The air system on the outside includes in the condenser fan and dissipates the heat taken from the cooled area to the outside atmosphere. The air system within the cooled area circulates room air over the cooling unit. These two air systems are so arranged that the cooling coils are located on the room side of the window and condensing units on the outside of the window. It is important that no intermingling of hot condenser air and cooled room air takes place. A partition inside the air conditioner separates the room air from the condenser air. The rubber seals and panels at the window prevent exchanges of inside and outside air. Tight installation at the window is of utmost important.

Refrigeration Cycle :

The compression refrigeration cycle which is described earlier is also used in air-conditioner. The basic components are compressor, condenser, capillary and evaporator in addition to filters, accumulators, motors, fan and controls. High pressure, high temperature refrigerant gas coming out of compressor is condensed in the condenser using outside air as coolant. The liquid refrigerant is further passed through capillary to reduce the pressure and then it is passed through the evaporator. The air from the room is passed over the evaporator where it is cooled to require temperature and then discharged in the room itself. The evaporator refrigerant vapour coming out at lower pressure from the evaporator is compressed in the compressor and cycle is repeated. The arrangement of the refrigeration system using a sealed unit in air-conditioner is shown in figure..
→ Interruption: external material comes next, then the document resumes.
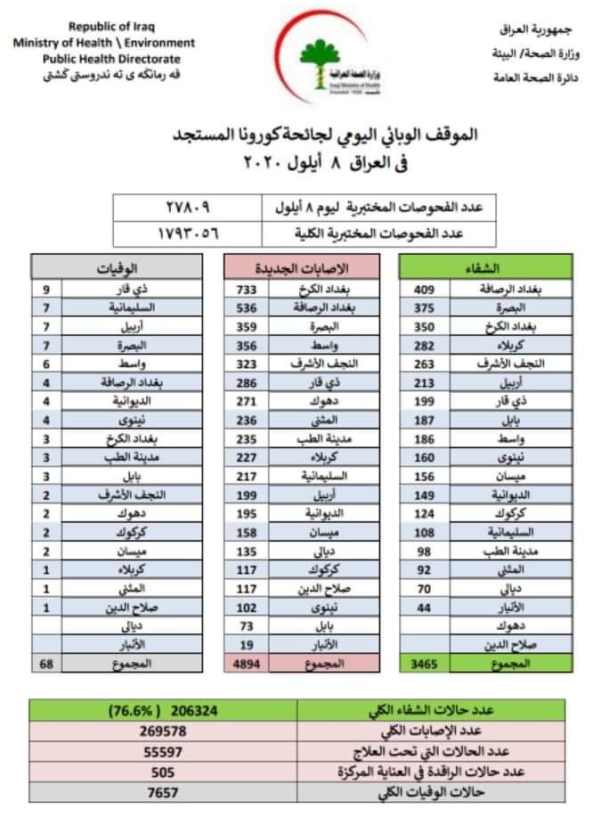 وأضافت أن " مجموع الإصابات الكلي بلغ 269578، وحالات الشفاء الكلي 206324 حالة، أما مجموع الوفيات الكلي فقد بلغ 7657 حالة".
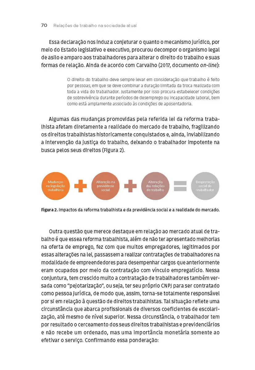 As transformações societárias estão cada dia mais aceleradas. Isso não significa, porém, que essas transformações sejam positivas e benevolentes com a classe trabalhadora. Nessa classe, incluem-se, também, os assistentes sociais, que estão inseridos na divisão sociotécnica do trabalho. Esses profissionais, assim, precisam reconhecer a realidade na qual estão imersos e gerir meios e estratégias de inserção profissional e valoração da sua atuação perante a sociedade. Urge, então, trazermos à tona o debate acerca de temas tão presentes no interior da categoria profissional, pois as relações de trabalho, fragilizadas pelo contexto social, econômico e político, afetam todas as profissões. Nessa lógica, é fundamental o aprofundamento dos estudos sobre o processo de trabalho do assistente social, considerando as transformações na legislação trabalhista, a desregulamentação de direitos sociais, as medidas de cortes constantes de “gastos públicos” e as possibilidades de ocupação de novas frentes de atuação profissional de forma consciente.

The window-unit compressor is of the hermetic type. This kind of unit has the compressor, its motor, and all moving parts operating within a sealed gas tight housing which is welded and closed.

The condenser coil is a continuous coil of copper tubing to which aluminium fins are bonded to increase the heat transfer surface area. A propeller type condenser fan is located immediately in front of the condenser coil. This fan cools the condenser coil and also exhausts air from the air conditioned space when the exhaust air damper is opened. Moisture condensed on the surface of the evaporator coil during dehumidification of the air, is also exhausted by the condenser fan.

The copper capillary tube is 40 cm long with an inside diameter of 0.75 mm. The dimensions are based upon the desired pressure difference between evaporator and condenser.

The evaporator is located at the front end of the room air-conditioner. It is also made of copper tubing and has aluminium fins bonded at right angles to the tubing to increase the heat transfer area. For one kW unit, the evaporator and condenser coils have a total surface area of 7.5 and 14 m2 respectively. This larger surface area for condenser coil is necessary because, in addition to the heat which entered through the evaporator, heat resulting from the compressor action also enters the refrigerant and this total must be discharged.

Introduction To Room air-conditioner:

  • The window unit is the simplest example of the refrigeration cycle used in a packaged air-conditioner. In the unit, cooling, filtering and air-distribution systems are combined in a compact package which has obtained worldwide popularity.
  • The manufacture and use of packaged air-conditioners is one of the big steps in the development of air-conditioning. Mass produced compact air-conditioners in completely self-contained packaged units not only lowered the equipment cost but also made installation, servicing and operation simple and inexpensive . In this way, packaged units have brought air-conditioning to widespread public use and made available to the public in the quickest, most convenient and least expensive way. These packed units work very satisfactorily as long as the air-conditioner is properly selected, installed and serviced.
  • This article details the operation, installation and servicing of packed type room air-conditioner. Room air-conditioners include packaged window units, wall units and portable units. The components, specifications and operation of window and wall units are similar. The position of the components and control in the packaged window and wall unit lies in the installation only.